A sculpted indigenous garden featuring more than 60 works by Dylan Lewis.


‘Shapeshifting’, an essay by Laura Twiggs

‘Where does animalkind end and humankind begin? What of the wild and the primitive within? In exploring these tantalising enigmas, Lewis searches wilderness, myth and ancient belief systems for inspiration, meaning and answers.’

'The Rising': Ian McCallum

One day your soul will call to you with a holy rage.
‘Rise up!’ it will say…

Stand up inside your own skin.
Unmask your unlived life…
feast on your animal heart.
Unfasten your fist…
let loose the medicine in your own hand.
Show me the lines…
I will show you the spoor of the ancestors.
Show me the creases…
I will show you the way to water.
Show me the folds…
I will show you the furrows for your healing.
‘Look!’ it will say…
the line of life has four paths –
one with a mirror, one with a mask,
one with a fist, one with a heart.

One day, your soul will call to you with a holy rage.

About the artist

Wild Symbols

Between 1993 and 2000 Lewis explored the cat form, focusing primarily on the large feline predators of Africa, namely the leopard, lion and cheetah.

 His large cat sculptures began as a direct and literal, visceral response to the wild animal within its natural environment. He was fascinated by the raw and totally intact instinct behind these feline physical expressions, seeing them as symbolic and archetypal bodily responses – the most extreme manifestations of intrinsic animal being.
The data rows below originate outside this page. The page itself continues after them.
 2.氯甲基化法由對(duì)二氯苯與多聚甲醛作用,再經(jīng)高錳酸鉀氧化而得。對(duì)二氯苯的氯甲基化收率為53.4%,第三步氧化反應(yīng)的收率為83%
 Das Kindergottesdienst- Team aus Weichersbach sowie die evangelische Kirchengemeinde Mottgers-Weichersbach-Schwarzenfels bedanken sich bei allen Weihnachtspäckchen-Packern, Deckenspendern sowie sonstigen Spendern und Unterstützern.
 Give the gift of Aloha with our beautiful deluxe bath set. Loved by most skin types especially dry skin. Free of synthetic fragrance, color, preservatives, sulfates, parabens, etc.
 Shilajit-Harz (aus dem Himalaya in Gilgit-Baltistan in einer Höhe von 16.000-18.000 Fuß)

Lewis never set out to realistically depict these animals for their own sake. Instead, the cat was chosen as a metaphor that was strong enough and mysterious enough to convey his deeper passion for wilderness areas: those untamed tracts of rugged landscape the large felines inhabit and where the sculptor feels most at home.

The cornerstone of Lewis’s artistic ethos has always involved long hours of drawing and sketching from life, in front of his living, breathing subject as he observes, smells and senses it. For him, the act of drawing is also a meditation of focused observation, and he constantly returns to it while sculpting, filling books with sketches, notes, and drawings.
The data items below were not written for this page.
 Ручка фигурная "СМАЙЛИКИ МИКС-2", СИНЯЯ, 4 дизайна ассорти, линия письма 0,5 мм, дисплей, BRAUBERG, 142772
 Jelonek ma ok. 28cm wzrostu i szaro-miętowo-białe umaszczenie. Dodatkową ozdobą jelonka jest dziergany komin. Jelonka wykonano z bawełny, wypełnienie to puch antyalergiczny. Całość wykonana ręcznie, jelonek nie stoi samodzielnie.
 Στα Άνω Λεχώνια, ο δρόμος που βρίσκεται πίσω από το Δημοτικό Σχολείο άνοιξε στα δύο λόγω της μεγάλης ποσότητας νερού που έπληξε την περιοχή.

The surfaces of Lewis’s cats very often take on the landscape’s textural qualities – instead of skin and animal fur, they are textured with elements of wilderness and also with the artist’s own handprints.

In time the composition of Lewis’s cat predators changed, becoming more dynamic and less constrained. There was a shift away from a formalised base, and later works were done in the round. Although Lewis now focuses mainly on human figures, the cat image is something to which he returns from time to time.